At fifteen years old, Kerry Nietz’s provocative sci-fi stunner still shines timeless truth into a dark and droning world.
This reader came late to the 2009 science-fiction stunner A Star Curiously Singing, first in author Kerry Nietz’s DarkTrench Saga trilogy.
To this day, I’m unsure how I missed this novel until three years after publication. Its premise alone should have quickly captured me: a nano-wired debugger Sandfly investigates a strange robot failure, surviving in a future Earth ruled by sharia law.
Yes, sharia law. That’s the notion of the caliphate, a hypothetical future one-world government ruled by Muslims. Not all Muslims advocate this. But some do believe in this notion and even fight for this concept. Other people either refuse to admit that, or talk about it overmuch as if They are all coming for our children.
Come to think of it, in the early 2010s, the story’s premise backfired in my mind and made feel suspicious. I thought that no one would be brave enough to explore the logical conclusions of a sharia-ruled world. Or, even if someone did try this, I felt sure the themes or conclusions would be weakened—or used for political ends.
A Star Curiously Singing is nothing of the sort. Nietz knows Islam. He also knows how to craft a fully-realized, vivid, dusty, machinery-humming science-fiction world. His first-person style is immediate and cracking. And Sandfly makes a remarkable hero.
We catch up to Sandfly right in the middle of his job in an airship dock. He’s a teen mechanic, a veritable slave to his masters, but wields more powers than today’s engineers. He does not only program machines. He talks with them, sings to them, because his mind is itself implanted with equipment to manage this. Imagine a WiFi link in your head. Come to think of it, that would seem to simplify some daily tasks.
As a trained machine debugger, Sandfly is neither a poor helpless slave nor a perfectly capable protagonist. He’s practical. Resourceful. Sympathetic.
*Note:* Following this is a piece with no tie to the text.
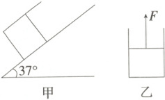 4.(2025河南开封期末)质量分别为$M$和$m$的汽缸与活塞密闭性和导热性良好,活塞可在汽缸内无摩擦上下移动,汽缸内封闭一定质量的气体,现将汽缸从倾角为$37°$的斜面由静止释放,如图甲,汽缸与斜面之间的动摩擦因数为$\mu=0.25$,重力加速度为$g$,斜面足够长,待汽缸稳定向下运动时,汽缸内封闭的气体体积为$V$。然后将汽缸置于水平地面上,如图乙,用竖直向上的力缓慢向上拉活塞至汽缸刚要离开地面。活塞的横截面积为$S$,外界大气压强为$p_0$,周围环境温度保持不变,$\sin37°=0.6$,$\cos37°=0.8$。求:
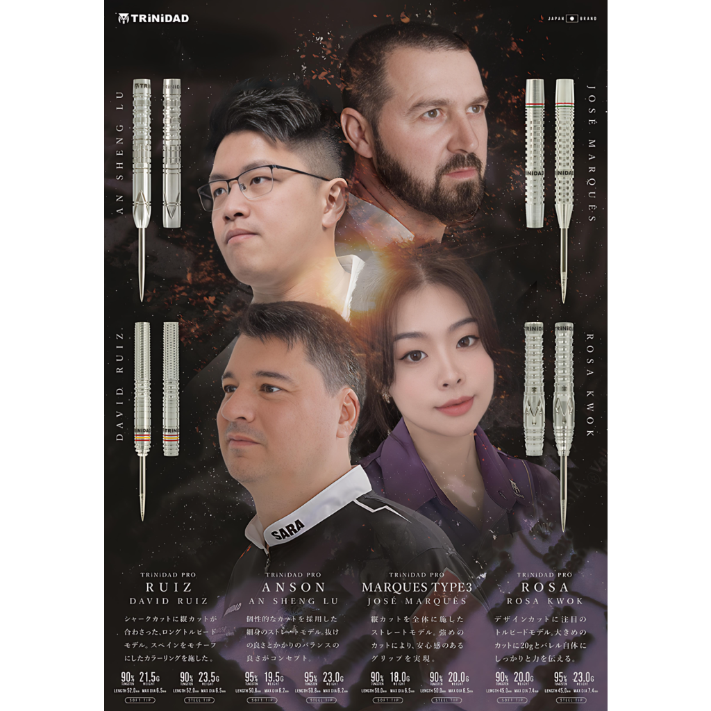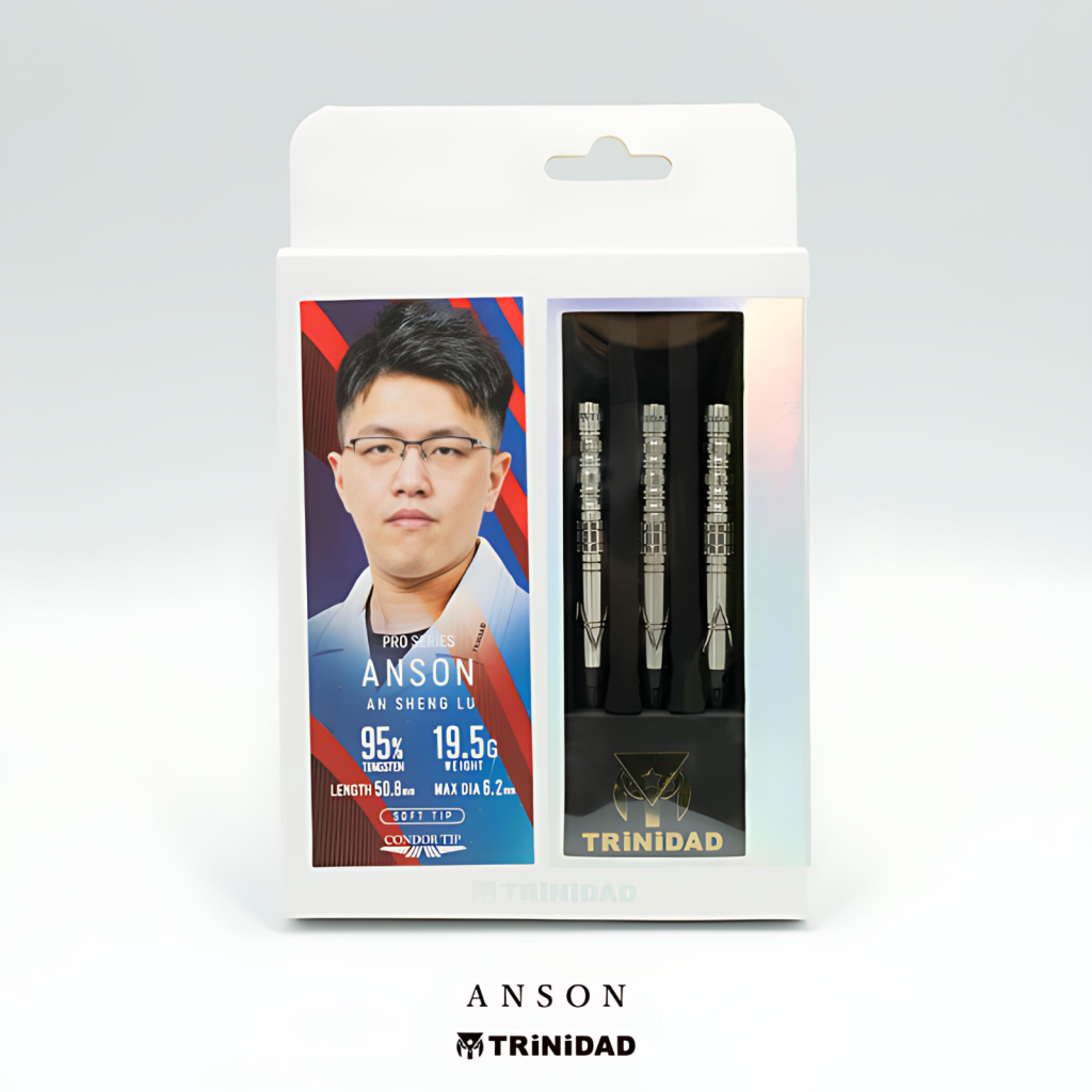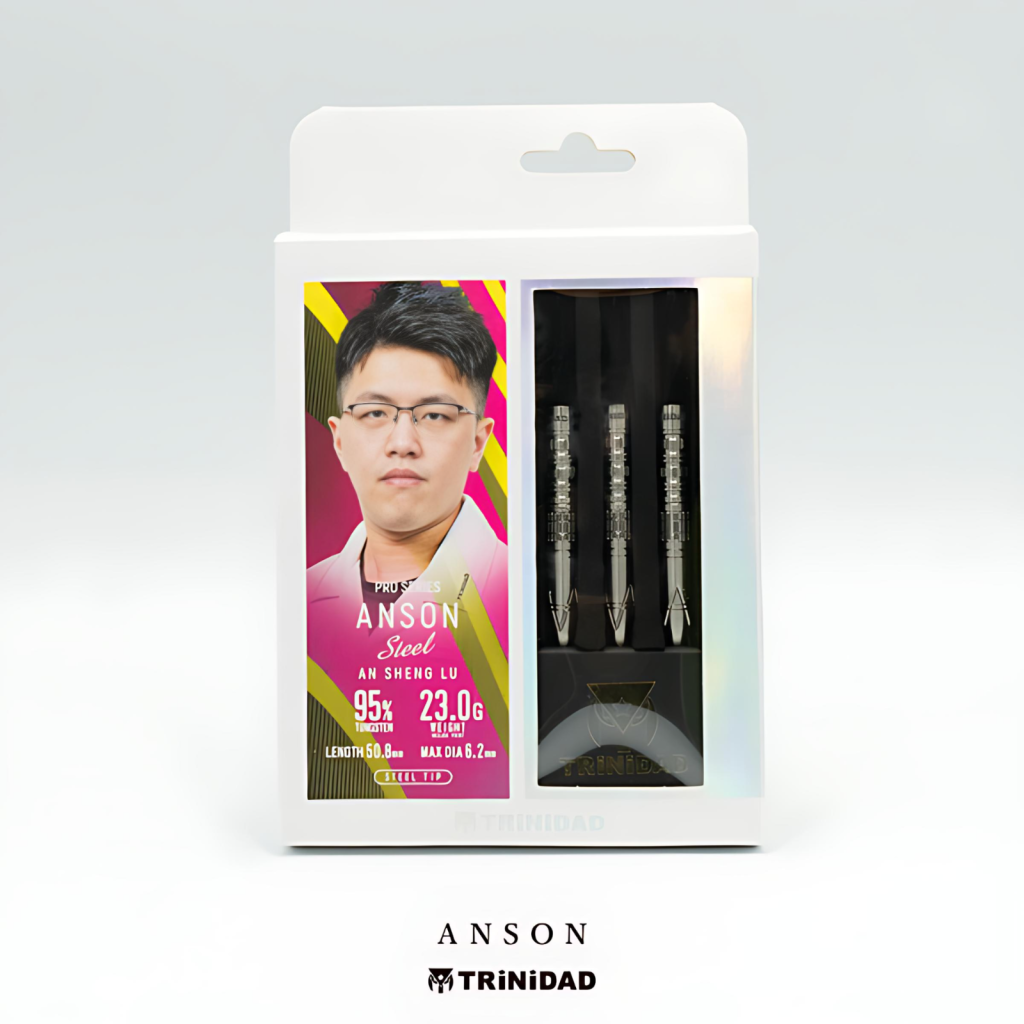 【TRiNiDAD PRO】ANSON 是 TRiNiDAD PRO 系列的選手款飛鏢,由台灣職業飛鏢選手 呂安昇 (An Sheng Lu) 合作設計。

Soon he is summoned for a unique mission, into orbit, to investigate a robot that was on board a mysterious space probe. Something made this robot tear itself apart, and the Abduls of the caliphate, Sandfly’s masters, want answers.
Here is another defining strength of A Star Curiously Singing—realistic people, including villains who are neither merely trauma-troubled nor totally evil. Rather, their motives make sense. After all, any religion attracts honest devotees as well as opportunists who are mostly along for the ride. All these Abduls, and other Muslim leaders whom Sandfly meets, reflect this. In fact, I doubt the word “Muslim” occurs in the novel; the religion is just there. This grounds this world even more in reality.
Dust. Heat or cold. Metal. Code-and-command singing from machines. All remains vivid to me today. The story’s style itself resembles a song. Even apart from the God-exalting hero, plot, villains, and characters, this lifts Him up in worship.
A Star Curiously Singing helped me rejoice in our great Author, the God Who “sings” and reveals Himself. He shows great mercy to those who turn from their actual sin (not merely forbidden thoughts) and choose to fear Him. Yet He will not leave the guilty unpunished. Even in a world run by mechanized religion, He is still there.
To finish this novel, I stayed up late. And I don’t know if I have ever sympathized with or cheered so much for a fictitious robot.
Best for: Older teens and adults who enjoy desert– and then space-based sci-fi with direct yet minimalist conflict between false religion and true faith.
Discern: People experience mild technological torture in response to legalistically forbidden thoughts that include early romantic attraction, some violence and effects of violence, memories of bullying, robots threaten humans, frequent references to monotheistic non-Christian belief system.
Thanks, Stephen. I’m glad you enjoyed the book, and really appreciate you taking the time to write about it. God Bless.